• [DATA RECORDS]:
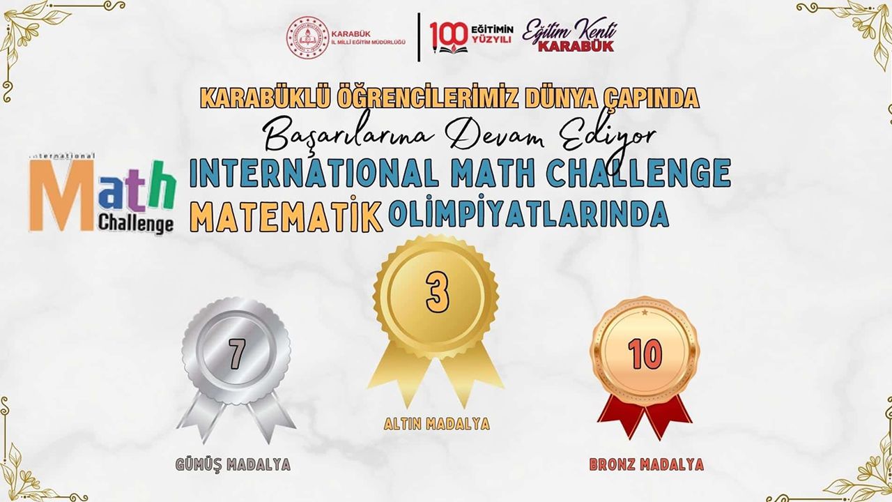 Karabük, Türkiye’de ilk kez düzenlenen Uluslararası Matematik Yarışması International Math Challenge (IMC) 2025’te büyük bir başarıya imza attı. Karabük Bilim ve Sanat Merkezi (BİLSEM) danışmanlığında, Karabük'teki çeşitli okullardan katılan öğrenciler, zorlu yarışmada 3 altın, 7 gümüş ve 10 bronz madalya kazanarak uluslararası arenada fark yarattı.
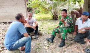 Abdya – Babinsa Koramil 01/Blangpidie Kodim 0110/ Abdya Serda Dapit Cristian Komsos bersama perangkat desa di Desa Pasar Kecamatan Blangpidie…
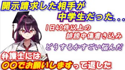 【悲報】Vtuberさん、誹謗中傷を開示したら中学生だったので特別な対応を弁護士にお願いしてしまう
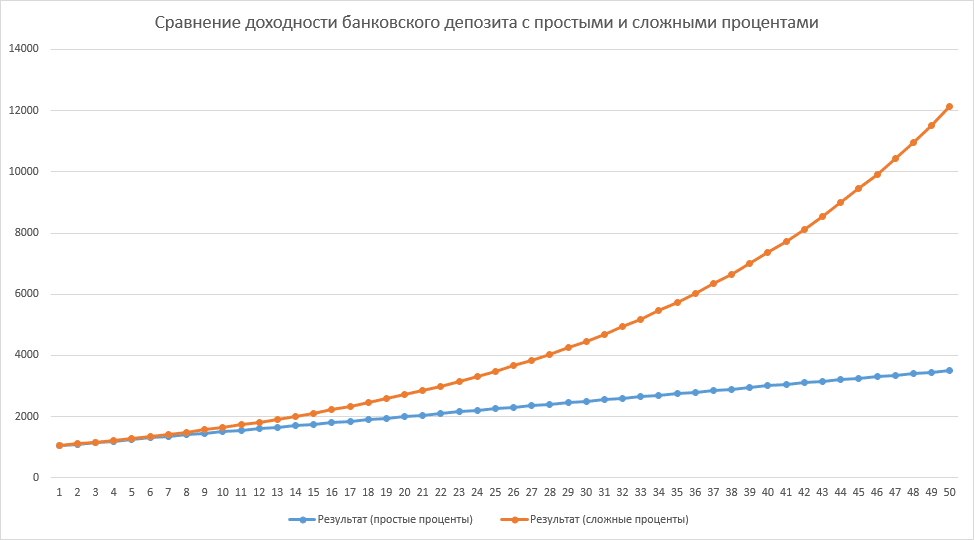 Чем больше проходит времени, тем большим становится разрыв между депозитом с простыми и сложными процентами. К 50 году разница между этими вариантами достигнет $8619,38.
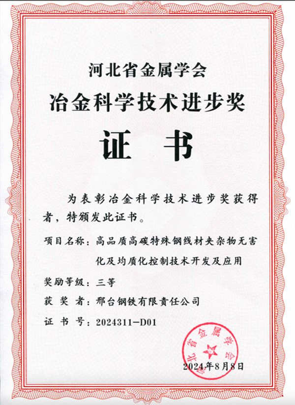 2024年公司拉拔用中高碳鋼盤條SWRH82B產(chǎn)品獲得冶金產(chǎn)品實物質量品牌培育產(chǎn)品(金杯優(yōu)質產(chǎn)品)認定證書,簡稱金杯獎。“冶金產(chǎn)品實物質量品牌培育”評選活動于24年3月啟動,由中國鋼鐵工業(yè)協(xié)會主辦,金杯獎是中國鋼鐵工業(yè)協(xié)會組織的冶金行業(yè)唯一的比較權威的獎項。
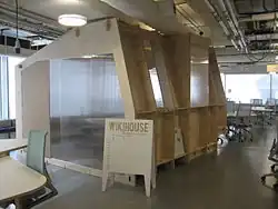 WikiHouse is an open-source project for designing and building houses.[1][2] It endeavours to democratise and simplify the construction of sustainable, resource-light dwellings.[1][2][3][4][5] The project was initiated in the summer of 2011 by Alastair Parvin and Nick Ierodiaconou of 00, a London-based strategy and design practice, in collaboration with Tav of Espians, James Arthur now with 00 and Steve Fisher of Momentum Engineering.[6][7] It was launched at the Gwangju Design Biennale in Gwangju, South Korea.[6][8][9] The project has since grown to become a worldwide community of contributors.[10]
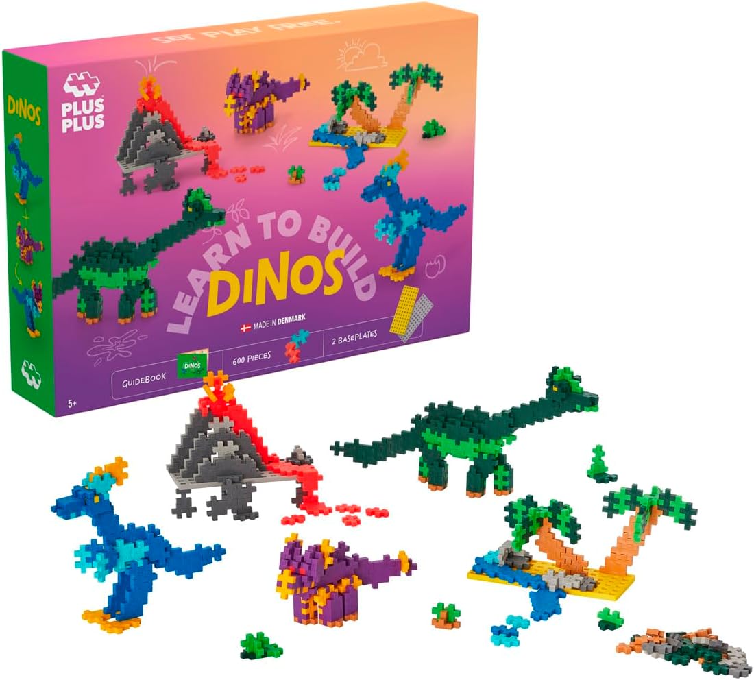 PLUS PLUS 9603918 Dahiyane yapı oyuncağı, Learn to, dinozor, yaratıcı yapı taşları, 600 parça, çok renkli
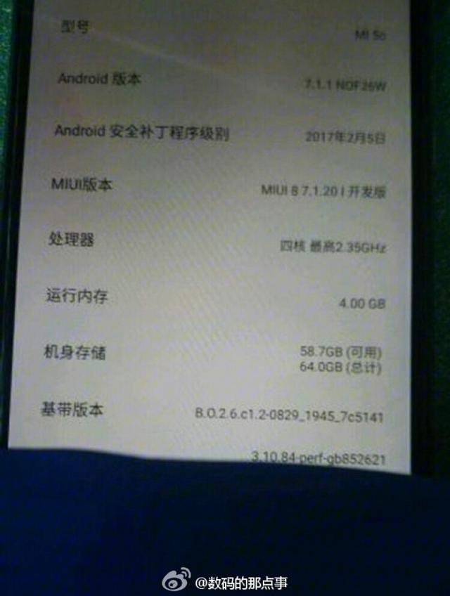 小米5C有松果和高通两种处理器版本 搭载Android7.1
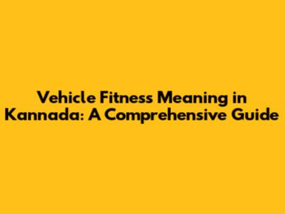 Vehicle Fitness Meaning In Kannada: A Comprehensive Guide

...

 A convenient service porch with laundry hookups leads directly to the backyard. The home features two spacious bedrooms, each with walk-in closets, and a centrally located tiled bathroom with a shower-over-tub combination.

• [WHAT THE TASK ASKS]:
What's needed is an exact copy of the records above from the line containing "Abdya – Babinsa" down to the line containing "2024年公司拉拔用中高碳鋼", both included, without any pictures.

• [EXERCISE OUTPUT]:
 Abdya – Babinsa Koramil 01/Blangpidie Kodim 0110/ Abdya Serda Dapit Cristian Komsos bersama perangkat desa di Desa Pasar Kecamatan Blangpidie…
 【悲報】Vtuberさん、誹謗中傷を開示したら中学生だったので特別な対応を弁護士にお願いしてしまう
 Чем больше проходит времени, тем большим становится разрыв между депозитом с простыми и сложными процентами. К 50 году разница между этими вариантами достигнет $8619,38.
 2024年公司拉拔用中高碳鋼盤條SWRH82B產(chǎn)品獲得冶金產(chǎn)品實物質量品牌培育產(chǎn)品(金杯優(yōu)質產(chǎn)品)認定證書,簡稱金杯獎。“冶金產(chǎn)品實物質量品牌培育”評選活動于24年3月啟動,由中國鋼鐵工業(yè)協(xié)會主辦,金杯獎是中國鋼鐵工業(yè)協(xié)會組織的冶金行業(yè)唯一的比較權威的獎項。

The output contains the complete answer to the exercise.